The MI procedure was introduced in Release 8.1 and remains experimental
in Release 8.2, with various new options and output displays available.
Among others, a new TRANSFORM statement enables you to transform variables
before imputation and back-transform these variables before combining
inferences and creating output data sets.
- Schafer's Stand-alone NORM Program
Available for free from Schafer's web site www.stat.psu.edu/~jls/.
The following description is from the NORM help manual:
NORM is a Windows 95/98/NT program for multiple imputation (MI) of incomplete multivariate data. Its name refers to the multivariate normal distribution, the model used to generate the imputations. The main procedures in NORM are:
· an EM algorithm for efficient estimation of mean, variances, and covariances (or correlations); and
· a data augmentation procedure for generating multiple imputations of missing values.
Additional features include:
· pre- and post-imputation processing of data (transformations, rounding, etc.), which can be helpful for imputing certain kinds of non-normal variables;
· plots for monitoring the convergence of data augmentation; and
· a utility for combining the results of a multiply-imputed data analysis, using Rubin’s (1987) rules for scalar estimands, to produce overall estimates and standard errors that incorporate missing-data uncertainty. A utility for multiparameter inference is also provided.

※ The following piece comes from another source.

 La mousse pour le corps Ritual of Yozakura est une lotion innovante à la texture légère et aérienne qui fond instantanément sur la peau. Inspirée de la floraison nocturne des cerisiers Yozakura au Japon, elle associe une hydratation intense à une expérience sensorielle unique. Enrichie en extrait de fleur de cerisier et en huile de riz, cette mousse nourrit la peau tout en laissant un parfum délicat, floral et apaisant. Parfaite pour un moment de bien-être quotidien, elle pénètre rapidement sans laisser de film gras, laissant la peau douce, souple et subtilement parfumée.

Computational routines used in NORM are described by Schafer, J. L. (1997) Analysis of Incomplete Multivariate Data (London: Chapman & Hall).

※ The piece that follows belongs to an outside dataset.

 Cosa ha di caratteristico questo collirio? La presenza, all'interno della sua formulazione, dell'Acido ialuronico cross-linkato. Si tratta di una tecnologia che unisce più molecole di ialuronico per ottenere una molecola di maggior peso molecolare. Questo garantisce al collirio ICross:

- Schafer's S-Plus Packages
The following description is from Schafer, J. L. (1997) Analysis of Incomplete Multivariate Data (London: Chapman &
Hall), Appendix C:
The algorithms described in this book have been implemented by the author
for general use in the statistical languages S and S-Plus (Becker, Chambers,
and Wilks, 1988). These functions, written with a combination of S and
Fortran-77, may be obtained by anyone free of charge. Three packages are
available:
- NORM: algorithms based on the multivariate normal model.
- CAT: algorithms for multivariate categorical data based on the
saturated multinomial model and loglinear models.

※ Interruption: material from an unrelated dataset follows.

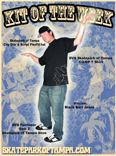 Our subject, Sean Albright, is wearing a magnificent Skatepark of Tampa City Star & Script FlexFit Hat to complement the rest of the black in his ensemble. Black is the new black this season so Sean is looking thuper thylish in his DVS Skatepark of Tampa CO-OP T Shirt and Getz 2 Skatepark of Tampa Shoes. Wrapping up this kit is a fantastic pair of Volcom Black Bart Jeans. Thweet!

- MIX: algorithms for mixed continuous and categorical data based on
the general location model.
The packages, including source code and full documentation, may be
downloaded from the ftp server at the Department of Statistics, The
Pennsylvania State University. To obtain copies via the World Wide Web,
connect to www.stat.psu.edu/~jls/
and follow the on-line instructions.
- King's
Program
The following description is from King's online documentation:
implements the statistical procedures for analyzing incomplete multivariate
data developed in
Gary King, James Honaker, Anne Joseph, and Kenneth Scheve. "Analyzing
Incomplete Political Science Data: An Alternative Algorithm for Multiple
Imputation." American Political Science Review, Vol. 95, No.
1 (March, 2001): Pp. 49-69, copy available at http://GKing.Harvard.Edu.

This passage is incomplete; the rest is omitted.